To run the notebook you need to install the https://github.com/VinQbator/holdem fork of the holdem library. A lot of bugfixes and changes were needed to effectively run the environment for deep learning.

Also keras-rl should be installed from https://github.com/VinQbator/keras-rl.
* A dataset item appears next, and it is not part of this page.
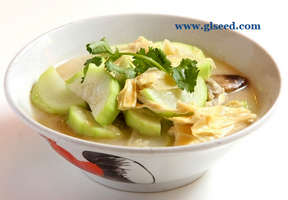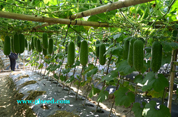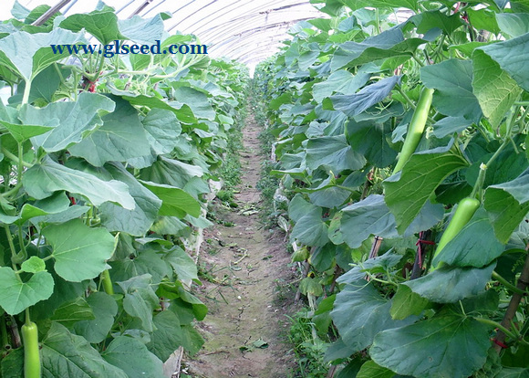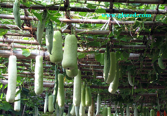 按上市期安排播种期,一般4月-5月初和10月中下旬至12月是大城市蒲瓜脱销季节,由此根据所播品种特性来反推播种时间,也可根据上茬蒲瓜采收时间适当提前或推迟,但一般不要超过10天。广州春季栽培蒲瓜一般于12月底至翌年1月播种;秋季栽培于7-8月播种。春季种植要防寒育苗,播种前将种子晒1-2天,播种时要浸种催芽,用50℃-55℃温水烫种,瓠瓜种皮较厚,不易透水,浸种时间随品种不同而定,一般需浸种5-6小时,催芽温度要高,一般在31℃-35℃。当年收获的休眠种子应用1500mg/L的赤霉素溶液浸种8小时。当种子破口露白时准备播种,早春育苗一孔播1-2颗,播种结束后用细营养土覆盖1 cm,并淋透水,覆盖地膜,搭0.5m高的拱棚以保温保湿。当苗大部分露头后,可根据气温变化情况酌情揭开覆盖物防止高脚苗。秋植可集中育苗也可直播,视具体条件而定。

Sorry for the inconvenience.

Rest of the libraries are found from pip as listed in the following imports section.

A lot of heavy lifting is in .py files adjacent to the notebook to keep the notebook clean.

Most of the effort here is put into building a framework to enable more serious development in the future.

# Imports

In [None]:
from players.atm import ATM
from players.ai_player import AIPlayer
from players.random_player import RandomPlayer
from training_env import TrainingEnv
from agents import build_dqn_agent, fit_agent, train_loop, load_agent_weights
from models import simple_model, complex_model, test_model
from util import visualize_history, use_jupyter, set_on_demand_memory_allocation
from helpers.poker_history import PokerHistory

In [None]:
import matplotlib.pyplot as plt
%matplotlib inline

In [None]:
set_on_demand_memory_allocation()

In [None]:
use_jupyter()

# Feature Engineering

### Some of the stuff that is happening in the wrapper layer for the holdem gym environment.
* Positions are one-hot encoded
* Pot and bet sizes are normalized to 100 big blinds
* Hand ranking either normalized or one-hot encoded
* Cards are one-hot encoded

# Action space

### Essentially infinite or at least large action space is split up into

* Base moves like FOLD/CALL/CHECK

* And few common bet/raise sizes relative to the pot size: 1/5, 1/4, 1/3, 2/5, 1/2, 3/5, 2/3, 3/4, 4/5, 1, 4/3, 5/3, 2, 3, 5, 10, 15, 20, 30, 50, 75, 100

In [None]:
# How many players in table
NUMBER_OF_SEATS = 2
# Max betsize in simulation environment (shouldn't really matter with discrete relative to pot sizing)
MAX_BET = 100000
# 'norm' (normalized) or 'one-hot' < how to encode player hand ranking from 7642 unique values
RANK_ENCODING = 'norm'

WINDOW = 1
MODEL = simple_model

FIRST_RUN_STEPS = 200
SECOND_RUN_STEPS = 200
THIRD_RUN_STEPS = 200
THIRD_RUN_ITERATIONS = 10

BENCHMARK_EPISODES = 200

In [None]:
# Lets start with playing against player that always calls or checks based on which is currently valid move
# Hopefully this will teach the agent something about hand strength at least
env = TrainingEnv.build_environment(ATM(), NUMBER_OF_SEATS, debug=False)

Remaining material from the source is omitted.